▶ _Exercise requirements_:
A partial copy is required: transcribe exactly the lines from the one containing "Слайд 5С. Байдары" through the last line below, without any pictures.

Collected material START

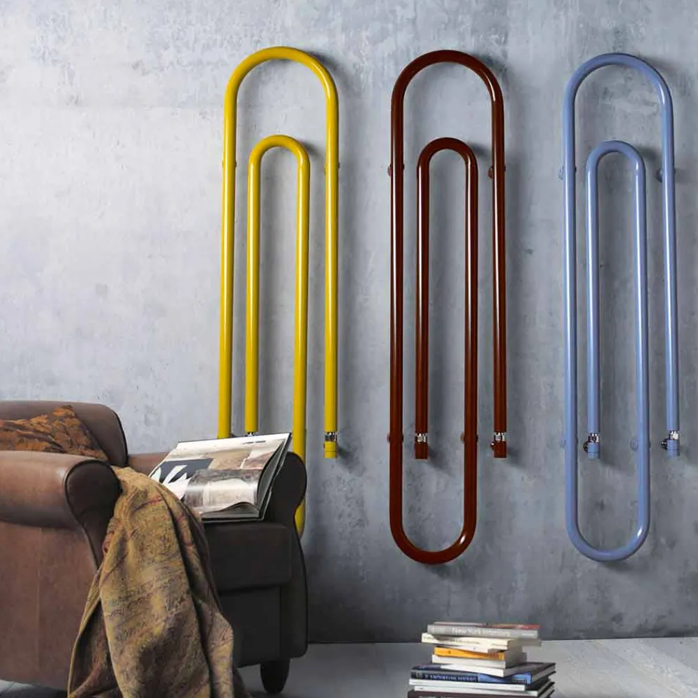 Heizkörper in Form einer farbigen vertikalen Büroklammer, in der hydraulischen Version, mit modernem und lustigem Design. Das Thema ist die Erweiterung der Form von Alltagsgegenständen und ihre Funktionsänderung in einem Spiel der sofortigen Erkennung und Annehmlichkeit. Erhältlich in verschiedenen Farb- und Größenvarianten, wählen Sie die für Sie am besten geeigneten aus!
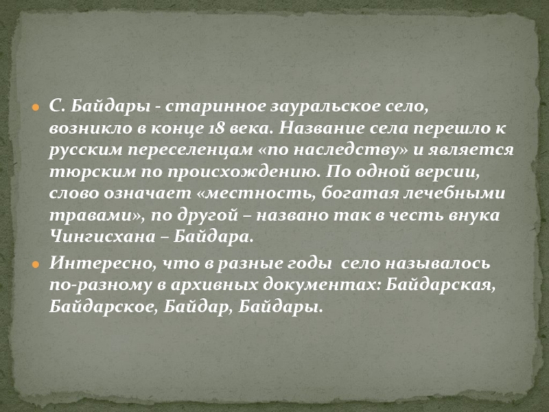 Слайд 5С. Байдары - старинное зауральское село, возникло в конце 18 века.
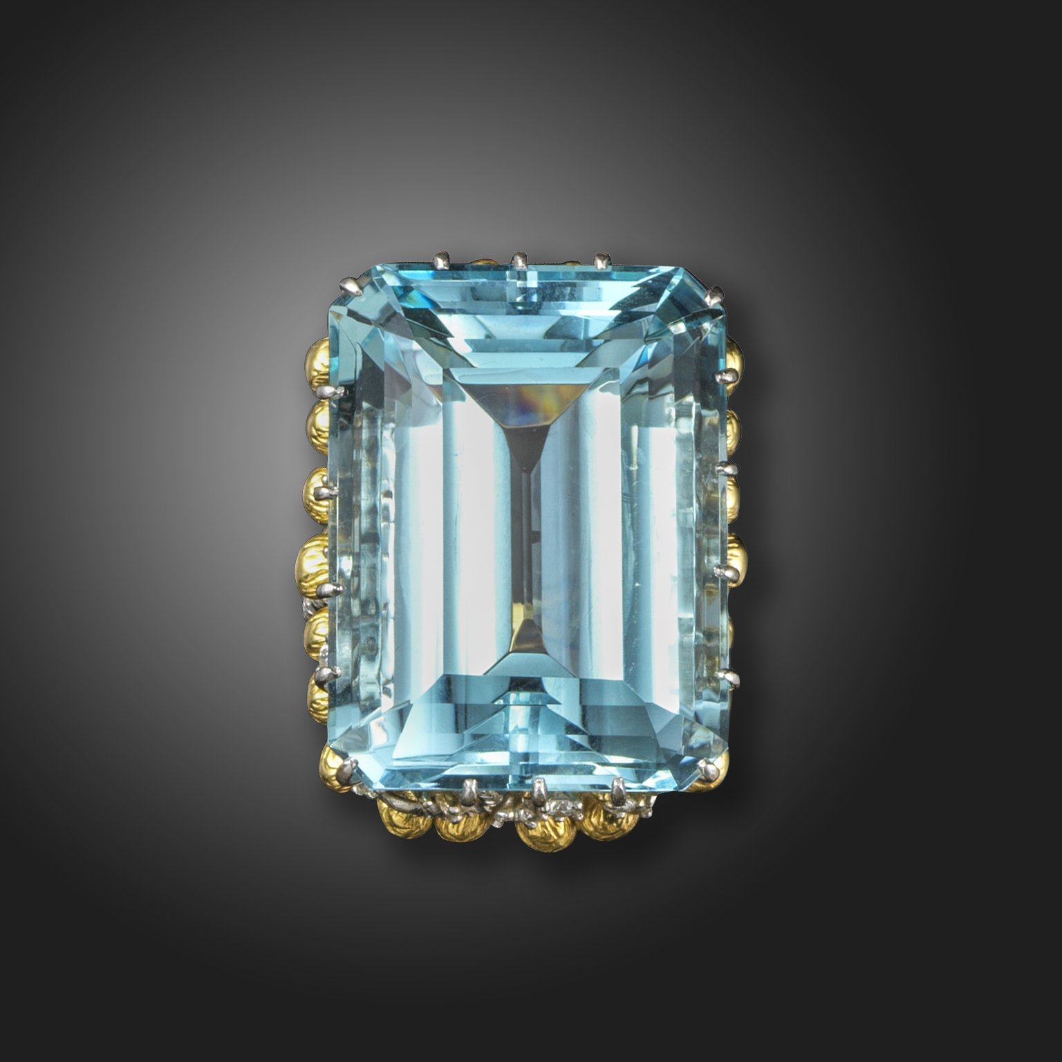 A large aquamarine and diamond ring in the style of Julius Cohen

Collected material END

▶ _Written response_:
 Слайд 5С. Байдары - старинное зауральское село, возникло в конце 18 века.
 A large aquamarine and diamond ring in the style of Julius Cohen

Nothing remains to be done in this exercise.